Age-related declines in anabolic hormone serum concentrations: Normal physiological serum levels of anabolic hormones such as testosterone, human growth hormone (HGH), and insulin-like growth factor-1 (IGF-1) have been demonstrated to function in the development, maintenance, or rejuvenation of muscle tissue.[29][30][31][32] Age-related declines of such hormones are observed in patients with sarcopenia and thus, support this underlying pathophysiology of the disease.[33]
Insulin resistance with “sarcopenic obesity”: Aging patients often experience changes in body composition represented by increased adipose tissue alongside decreased muscle mass, coined as “sarcopenic obesity.”[34] These changes are associated with metabolic dysfunction, including insulin resistance (IR), leading to the accumulation of visceral fat mass.[35] Additionally, IR is inversely associated with skeletal muscle mass.[36] Such pathophysiology is likely mediated via dysfunction of insulin’s exerted effects on skeletal muscle – insulin resistance impairs the anti-proteolytic and MPS enhancing properties of the hormone on skeletal muscle tissue.[37] Similarly, diminished lean body mass reduces uptake of glucose into skeletal muscle, further propagating IR.[38][39]
Age-related neurodegeneration: Progressive neurodegeneration is a commonly observed phenomenon in aging populations.[40] Aging is accompanied by a decline of alpha motor neurons in the spinal cord, loss of peripheral nerve fibers, and reduced number of neuromuscular junctions.[33][41] Considering the role of the neurological system in muscle fiber recruitment, current evidence supports neurodegeneration as underlying pathophysiology for reduced muscle strength and size in sarcopenia.[41]
Age-related increase in inflammatory markers: Elevated levels of C-reactive protein (CRP), tumor necrosis factor-alpha (TNF), interleukin (IL)-6, and IL-1 are observed in elderly populations.[42] The catabolic effects that may be exerted by these cytokines on skeletal muscle are well documented and may present a mechanism in which sarcopenia develops with age.[43][44][45]

History and Physical

Sarcopenia is characterized by decreased muscle strength, quantity, and physical performance. Patients with sarcopenia are often elderly, sedentary, and may present with various comorbidities or disabilities, with a subsequent decrease in function and quality of life. A patient history consistent with sarcopenia includes progressive loss of muscle mass, strength, and function to the extent that daily activities become increasingly difficult to accomplish.

Evaluation

Patient evaluation for sarcopenia includes several modalities and screening tools, some of which are more readily available and practical than others. Evaluation ranges from screening questionnaires to radiographic imaging to the assessment of muscle mass cross-sectional area (CSA).[1][26] Additionally, the European working group on sarcopenia in older people 2 (EWGSOP2) describes an algorithm that presents as follows: "find-assess-confirm-severity" or F-A-C-S.[1]

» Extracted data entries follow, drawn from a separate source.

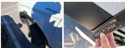
Moulure d'aile ARG, Griffe(s), Réparer/rempl. (montant forfaitaire)
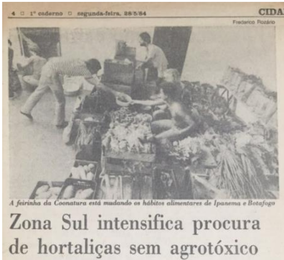
Clipping of an unidentified newspaper article about Coonatura's organic sales in the South Zone of Rio de Janeiro.
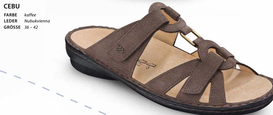
CEBU FARBE kaffee LEDER Nubukvienna GRÖSSE 36 - 42
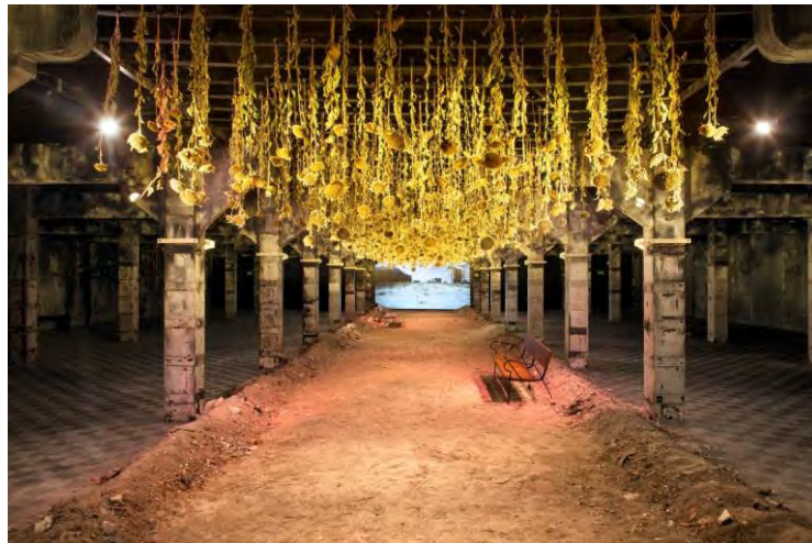
Gráfico 8. Basurama ( https://bit.ly/2JXExDt ).

Un ejemplo español similar es el del colectivo Basurama, fundado en 2001, que constituye un ejemplo de prácticas de creatividad activista que ha centrado su área de estudio y actuación en los procesos productivos, y la generación de desechos que estos implican. Su proyecto «Agostamiento» fue una intervención site-specific dentro del programa «Abierto x Obras» que tiene lugar en la antigua cámara frigorífica del Matadero en Madrid. El colectivo propuso un paisaje interior extraído de la plantación de 7.000 girasoles que había cultivado junto a los vecinos y vecinas de la Gran Vía del Sureste, en el Ensanche de Vallecas, un barrio símbolo de la burbuja inmobiliaria. Su creación, en palabras de Basurama, «invita a charlar y a comer pipas, mirando hacia el futuro desde lo más oscuro». Este proyecto fue realizado en Madrid en 2016.
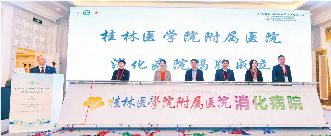
◀桂林医学院附属医院消化病院成立。

协调管理制度》，确保各科室收治流程顺畅，为急诊急救提供高效服务。对于急危重症患者，医院依照先诊疗后付费的原则开通绿色通道，2024 年急诊抢救 2548 人次，为 500 多名卒中、胸痛、创伤患者开通了绿色通道。

Screening Tools to Identify Probable Sarcopenia

Strength, assistance with walking, rising from a chair, climbing stairs, and falls (SARC-F) questionnaire: The SARC-F questionnaire is a screening tool that can be rapidly implemented by clinicians to identify probable sarcopenic patients. The questionnaire screens patients for self-reported signs suggestive of sarcopenia, which include deficiencies in strength, walking, rising from a chair, climbing stairs, and experiencing falls.[46] Each of the self-reported parameters receives a minimum and maximum score of 0 and 2, respectively, with the greatest maximum SARC-F score being 10.[47] Data suggests that a SARC-F score of ≥4 best predicts the need for further, more comprehensive evaluation.[1][46]

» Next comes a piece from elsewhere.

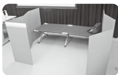
▲段ボール間仕切りと簡易ベッド
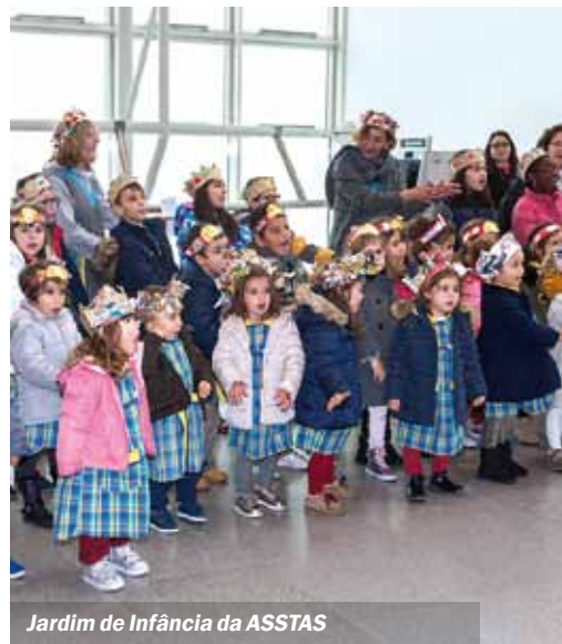
Jardim de Infância da ASSTAS

Assessing sarcopenia: muscle strength

Handgrip test: Generally, handgrip strength is one of the two methods utilized to quantify muscle strength in patients with suspected sarcopenia. Handgrip strength correlates with strength in other muscles and is therefore used as a surrogate to detect deficits in overall strength.[48] Additionally, decreased handgrip strength predicts poor patient outcomes, including increased lengths of stay (LOS), functional deficits, and death.[48][49] Accurate grip strength measurement and interpretation of results rely on a calibrated dynamometer and relevant reference populations.[50] The Jamar dynamometer is a validated tool in measuring grip strength and may be used for this assessment.[51] The suggested cutoff point for handgrip is <27 kg and <16 kg, for males and females, respectively.[52]
Chair stand test: The chair stand test may be used as a proxy to gauge lower extremity strength, particularly the quadriceps muscles. The chair stand test measures the number of times a patient can stand and sit from a chair, without the use of their arms, over 30 seconds.[53] This test has been established as a valid indicator of lower extremity strength in community-dwelling populations.[54] The suggested cutoff point for the chair stand test is >15 seconds for five rises.[53]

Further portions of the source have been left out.